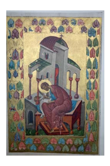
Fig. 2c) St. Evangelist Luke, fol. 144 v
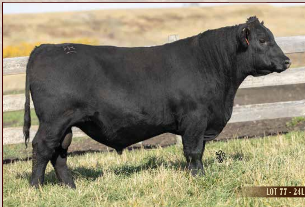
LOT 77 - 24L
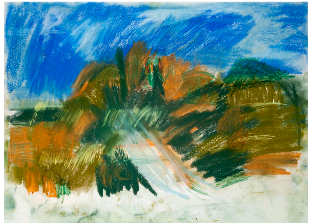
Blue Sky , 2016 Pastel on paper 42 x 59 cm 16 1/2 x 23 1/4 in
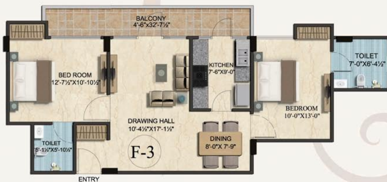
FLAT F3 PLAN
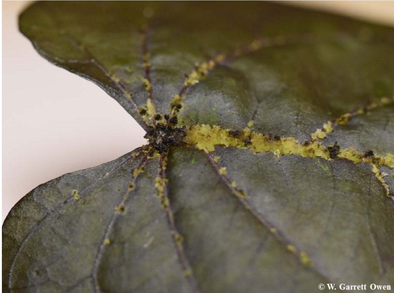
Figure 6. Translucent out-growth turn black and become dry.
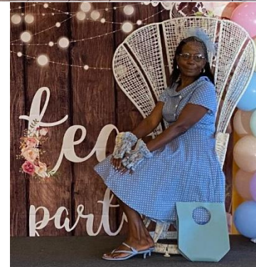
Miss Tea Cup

────────

■ WORK ORDER ■
Beginning at the line that contains "FLAT F3 PLAN", retype each line of the data above through the very last one. Do not retype the pictures.

■ RESPONSE BOX ■
FLAT F3 PLAN
Figure 6. Translucent out-growth turn black and become dry.
Miss Tea Cup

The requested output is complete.